We considered a high-impact scenario and a low-impact scenario to approximate the child deaths that could be caused by immunisation coverage reductions during COVID-19 outbreaks. In the high-impact scenario, we used previously reported country-specific child mortality impact estimates of childhood immunisation for diphtheria, tetanus, pertussis, hepatitis B, Haemophilus influenzae type b, Streptococcus pneumoniae, rotavirus, measles, meningitis A, rubella, and yellow fever to approximate the future deaths averted before 5 years of age by routine childhood vaccination during a 6-month COVID-19 risk period without catch-up campaigns. In the low-impact scenario, we approximated the health benefits of sustaining routine childhood immunisation on only the child deaths averted from measles outbreaks during the COVID-19 risk period. We assumed that contact-reducing interventions flattened the outbreak curve during the COVID-19 risk period, that 60% of the population will have been infected by the end of that period, that children can be infected by either vaccinators or during transport, and that upon child infection the whole household will be infected. Country-specific household age structure estimates and age-dependent infection-fatality rates were applied to calculate the number of deaths attributable to the vaccination clinic visits. We present benefit-risk ratios for routine childhood immunisation, with 95% uncertainty intervals (UIs) from a probabilistic sensitivity analysis.

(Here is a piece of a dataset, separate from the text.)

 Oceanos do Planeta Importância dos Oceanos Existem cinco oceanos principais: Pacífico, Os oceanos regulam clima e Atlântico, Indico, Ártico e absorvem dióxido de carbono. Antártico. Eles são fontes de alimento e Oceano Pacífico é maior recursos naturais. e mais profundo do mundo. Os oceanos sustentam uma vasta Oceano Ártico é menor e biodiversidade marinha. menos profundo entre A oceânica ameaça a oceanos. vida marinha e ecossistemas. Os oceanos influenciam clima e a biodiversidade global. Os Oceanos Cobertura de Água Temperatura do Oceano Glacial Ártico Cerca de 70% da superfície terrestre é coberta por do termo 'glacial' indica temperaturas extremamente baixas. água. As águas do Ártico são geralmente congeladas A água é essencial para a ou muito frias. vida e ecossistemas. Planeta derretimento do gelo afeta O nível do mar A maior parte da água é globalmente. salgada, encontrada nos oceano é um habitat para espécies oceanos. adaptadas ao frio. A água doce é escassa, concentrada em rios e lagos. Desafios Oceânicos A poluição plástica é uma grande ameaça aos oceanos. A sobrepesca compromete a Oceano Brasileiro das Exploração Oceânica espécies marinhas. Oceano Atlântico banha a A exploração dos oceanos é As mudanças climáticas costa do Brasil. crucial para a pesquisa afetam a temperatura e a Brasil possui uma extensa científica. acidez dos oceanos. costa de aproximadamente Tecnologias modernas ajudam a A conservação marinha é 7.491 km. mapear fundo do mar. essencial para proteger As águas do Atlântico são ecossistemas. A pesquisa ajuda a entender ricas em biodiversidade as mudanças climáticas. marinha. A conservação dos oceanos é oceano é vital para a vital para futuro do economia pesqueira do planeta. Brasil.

In the high-impact scenario, for every one excess COVID-19 death attributable to SARS-CoV-2 infections acquired during routine vaccination clinic visits, 84 (95% UI 14-267) deaths in children could be prevented by sustaining routine childhood immunisation in Africa. The benefit-risk ratio for the vaccinated children is 85 000 (4900-546 000), for their siblings (<20 years) is 75 000 (4400-483 000), for their parents or adult carers (aged 20-60 years) is 769 (148-2700), and for older adults (>60 years) is 96 (14-307). In the low-impact scenario that approximates the health benefits to only the child deaths averted from measles outbreaks, the benefit-risk ratio to the households of vaccinated children is 3 (0-10); if the risk to only the vaccinated children is considered, the benefit-risk ratio is 3000 (182-21 000).

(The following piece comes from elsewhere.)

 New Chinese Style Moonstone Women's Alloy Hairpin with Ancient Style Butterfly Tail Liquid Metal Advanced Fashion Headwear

The deaths prevented by sustaining routine childhood immunisation in Africa outweigh the excess risk of COVID-19 deaths associated with vaccination clinic visits, especially for the vaccinated children. Routine childhood immunisation should be sustained in Africa as much as possible, while considering other factors such as logistical constraints, staff shortages, and reallocation of resources during the COVID-19 pandemic.
Gavi, the Vaccine Alliance; Bill & Melinda Gates Foundation.

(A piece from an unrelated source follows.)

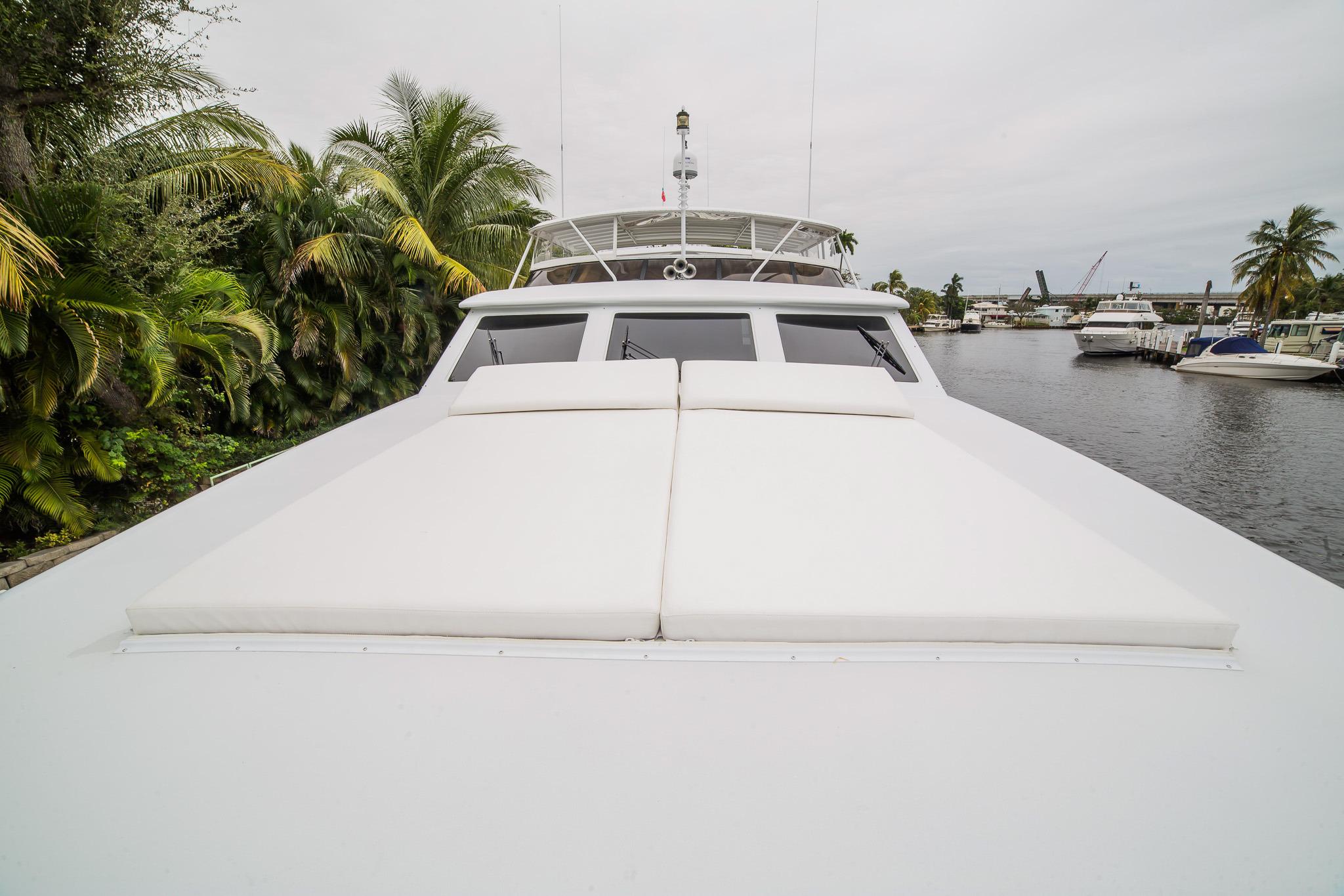 LADY LEX has plenty of exterior living areas to relax and enjoy, the aft deck is spacious and offers alfresco dining and wet bar, further aft the large swim platform makes water activities readily available.

由于全球各国的卫生系统受到严重限制,并且为了缓解当前 COVID-19 大流行而采取了保持社交距离的措施,国家免疫规划有可能暂停。我们旨在比较在非洲维持常规儿童免疫接种的健康益处与通过常规疫苗接种服务点获得严重急性呼吸综合征冠状病毒 2(SARS-CoV-2)感染的风险。
我们考虑了一种高影响情景和一种低影响情景,以近似在 COVID-19 暴发期间因免疫覆盖率降低而可能导致的儿童死亡。在高影响情景中,我们使用了先前报告的特定国家的儿童死亡率影响估计值,这些估计值涉及白喉、破伤风、百日咳、乙型肝炎、b 型流感嗜血杆菌、肺炎链球菌、轮状病毒、麻疹、脑膜炎 A 型、风疹和黄热病的儿童免疫接种,以近似在没有追赶疫苗接种运动的情况下,在 COVID-19 风险期的 6 个月内,常规儿童疫苗接种可避免的未来 5 岁以下儿童死亡人数。在低影响情景中,我们仅通过 COVID-19 风险期麻疹暴发避免的儿童死亡人数来近似维持常规儿童免疫接种的健康益处。我们假设接触减少的干预措施使暴发曲线在 COVID-19 风险期内趋于平缓,60%的人口将在该期间内被感染,儿童既可以被疫苗接种者感染,也可以在运输过程中被感染,并且一旦儿童感染,整个家庭都会被感染。我们应用了特定国家的家庭年龄结构估计值和年龄相关的感染病死率,以计算归因于接种疫苗诊所就诊的死亡人数。我们从概率敏感性分析中提出了常规儿童免疫接种的效益风险比,并附有 95%置信区间(UI)。
在高影响情景中,每有一例因 SARS-CoV-2 感染而导致的 COVID-19 超额死亡,通过维持在非洲的常规儿童免疫接种,就可以预防 84 名(95%UI 14-267)儿童死亡。接种疫苗的儿童的效益风险比为 85000(4900-546000),其兄弟姐妹(<20 岁)为 75000(4400-483000),其父母或成年照顾者(20-60 岁)为 769(148-2700),而老年人(>60 岁)为 96(14-307)。在仅近似于避免麻疹暴发所致儿童死亡的低影响情景中,接种疫苗的儿童家庭的效益风险比为 3(0-10);如果仅考虑接种疫苗的儿童的风险,则效益风险比为 3000(182-21000)。
在非洲维持常规儿童免疫接种所预防的死亡人数超过了与疫苗接种诊所就诊相关的 COVID-19 死亡超额风险,尤其是对接种疫苗的儿童而言。在非洲,应尽可能维持常规儿童免疫接种,同时考虑到 COVID-19 大流行期间的后勤限制、人员短缺和资源重新分配等其他因素。
全球疫苗免疫联盟(Gavi)、比尔及梅琳达·盖茨基金会。